The restricted concept of native customary rights under Section 5 made it difficult to assert rights under the Land Code after 1958 (Bulan 2000). The line of restriction is not a new phenomenon (Majid Cooke 2002). As Porter commented on the inception of the code, it ‘virtually prohibit[s] the creation of new customary rights’ and the ‘extremely detailed and rigid’ provisions ‘dictated government policy’ (Porter 1967: 83, 99).[7] Fong (2000) argues that the intention of the subsequent amendments was to restrict the methods of creating native customary rights to those stipulated under Section 5.
The Court recognized the existence of the Iban pemakai menoa
It is significant, therefore, that in a recent court case, Ian Chin recognised the existence of the Iban pemakai menoa — the area from which its members ‘eat’ (makai) — within which are found their temuda (secondary forest) and the pulau galau (land reserved for communal use).[8] The concept of pemakai menoa goes beyond mere agricultural use and extends to hunting, fishing and living off the produce of the jungle. Ian Chin held that those customary rights had not been expressly abolished by earlier orders or other legislation.
Court of Appeal did not disturb the High Court’s finding that the Iban concept of pemakai menoa exists
The Court of Appeal overturned the High Court decision on 9 July 2005,[9] holding that there was insufficient proof of occupation by the (Iban) respondents in the disputed area, although they had satisfied the test for native customary rights in the adjacent area.
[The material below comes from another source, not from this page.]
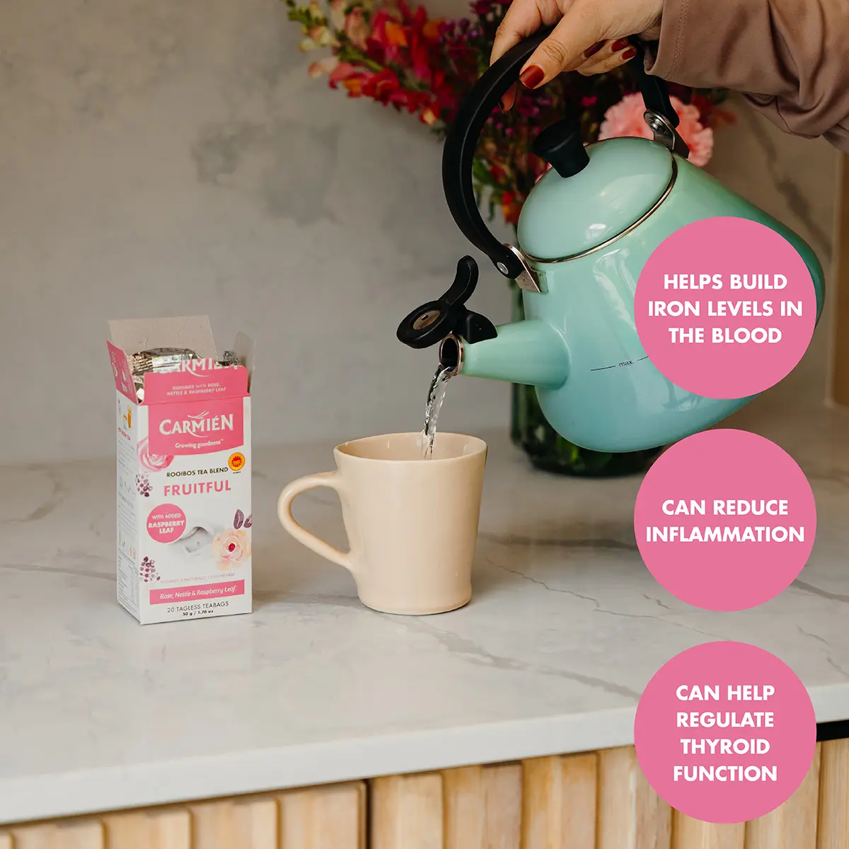 Carmién Fruitful is a specially formulated blend of Rooibos, Raspberry Leaf, Nettle, and Chaste Tree that assists with boosting fertility and balancing hormones. Each box contains 20 compostable pillow teabags, and all packaging is recyclable.

Nonetheless, the Court of Appeal did not disturb the High Court’s finding that the Iban concept of pemakai menoa exists. This is a milestone for native customary rights in Sarawak
Common law respects the pre-existence of rights under native law and customs
The Court of Appeal endorsed the exposition of the law by the learned judge of the High Court when he argued that the common law respects the pre-existence of rights under native laws or customs and that these rights do not owe their existence to statutes. Legislation is only relevant to determine how many of those native customary rights have been extinguished. It affirmed that the Land Code does not abrogate native customary rights that existed before the passing of that legislation, but held that natives are no longer able to claim new territory without a permit from the Superintendent of Lands and Surveys under Section 10 of the code. It also agreed with the High Court that the rights held under a licence ‘cannot be terminable at will’, for they can only be extinguished in accordance with laws subject to payment of compensation. Any discussion of the development of native customary rights must therefore bear in mind that, despite the provision of Section 5, the native concept of land is broader than the restrictive statutory provisions.
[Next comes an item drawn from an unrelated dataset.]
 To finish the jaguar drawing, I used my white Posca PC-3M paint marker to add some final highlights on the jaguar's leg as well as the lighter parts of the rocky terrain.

Estate Development is government’s choice to bring progress to Dayak
As the state seeks to accelerate land development under its broader ‘politics of development’ (Jitab and Ritchie 1991), the medium that is felt best suited to bring ‘development and progress’ to the natives is estate development. This involves lands which some native groups claim to be their communal lands
Dayakbaru:
Dayakbaru do not agree that the current equity / profit sharing model under “Konsep Baru” is helping Dayak to eradicate poverty.In fact, the 60 years agreement rob the Dayak of their rights without a guarantee that the land will revert to Dayak ownership after 60 years.
The dividends from Konsep JV does not commenserate with Dayak investment through providing cheap land to investors. Dayak has suffered froma business agreement that grossly favour the investor party.